Try it » Could you print, exactly and without pictures, only the lines from the one with "Rainforest dart frog" through the end of the records below?

(Available data begins)

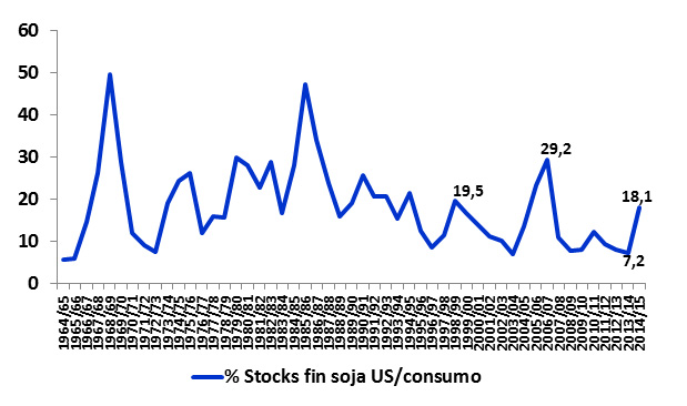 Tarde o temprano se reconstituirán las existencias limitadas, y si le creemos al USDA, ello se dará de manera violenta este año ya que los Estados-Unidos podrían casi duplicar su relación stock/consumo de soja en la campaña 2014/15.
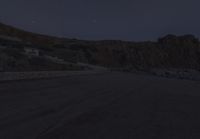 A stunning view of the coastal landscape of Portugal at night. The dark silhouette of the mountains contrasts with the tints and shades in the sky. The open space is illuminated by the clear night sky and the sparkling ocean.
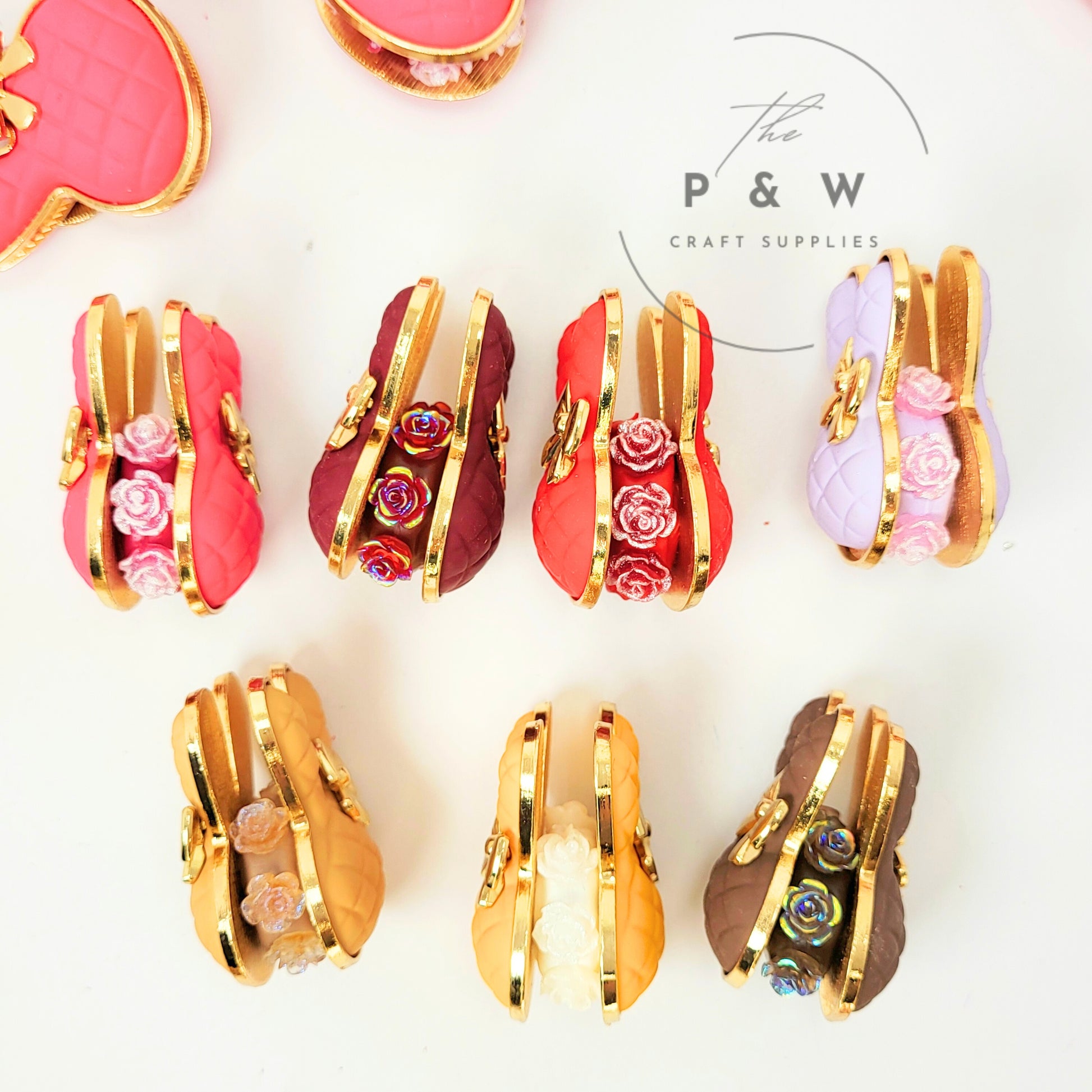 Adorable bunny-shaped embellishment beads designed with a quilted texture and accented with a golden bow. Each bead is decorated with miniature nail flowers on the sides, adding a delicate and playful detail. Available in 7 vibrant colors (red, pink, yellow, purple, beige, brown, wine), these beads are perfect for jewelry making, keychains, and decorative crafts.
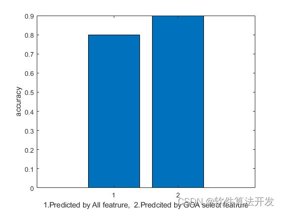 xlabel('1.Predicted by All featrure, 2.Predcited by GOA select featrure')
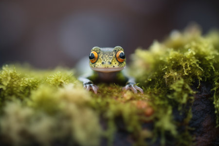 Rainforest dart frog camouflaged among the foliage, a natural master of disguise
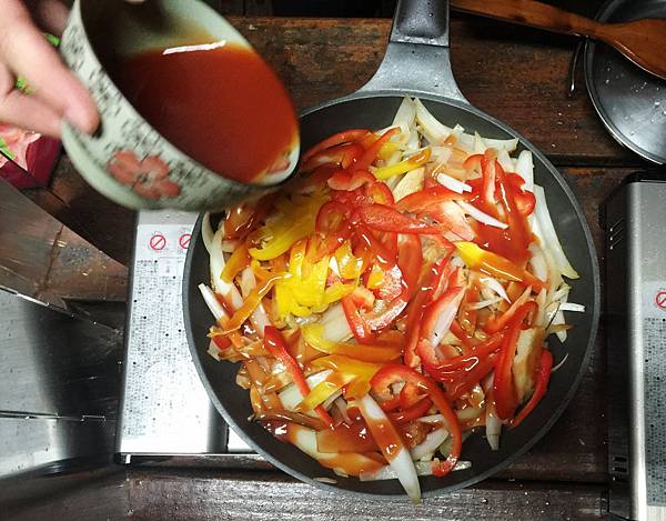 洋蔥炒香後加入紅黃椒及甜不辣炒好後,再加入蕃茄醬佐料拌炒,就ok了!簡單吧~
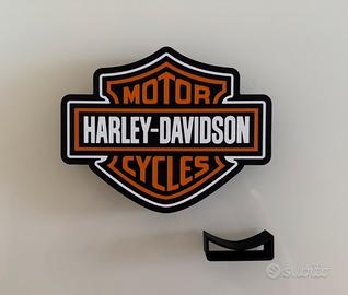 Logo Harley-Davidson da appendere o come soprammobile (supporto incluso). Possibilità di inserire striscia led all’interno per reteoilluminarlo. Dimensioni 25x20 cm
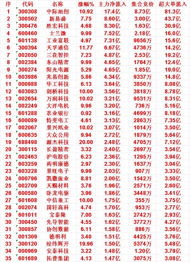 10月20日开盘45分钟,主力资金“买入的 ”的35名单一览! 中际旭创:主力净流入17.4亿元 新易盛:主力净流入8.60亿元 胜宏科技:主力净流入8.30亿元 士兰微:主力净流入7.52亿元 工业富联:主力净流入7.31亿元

(Available data ends)

Answer below »
 Rainforest dart frog camouflaged among the foliage, a natural master of disguise
 洋蔥炒香後加入紅黃椒及甜不辣炒好後,再加入蕃茄醬佐料拌炒,就ok了!簡單吧~
 Logo Harley-Davidson da appendere o come soprammobile (supporto incluso). Possibilità di inserire striscia led all’interno per reteoilluminarlo. Dimensioni 25x20 cm
 10月20日开盘45分钟,主力资金“买入的 ”的35名单一览! 中际旭创:主力净流入17.4亿元 新易盛:主力净流入8.60亿元 胜宏科技:主力净流入8.30亿元 士兰微:主力净流入7.52亿元 工业富联:主力净流入7.31亿元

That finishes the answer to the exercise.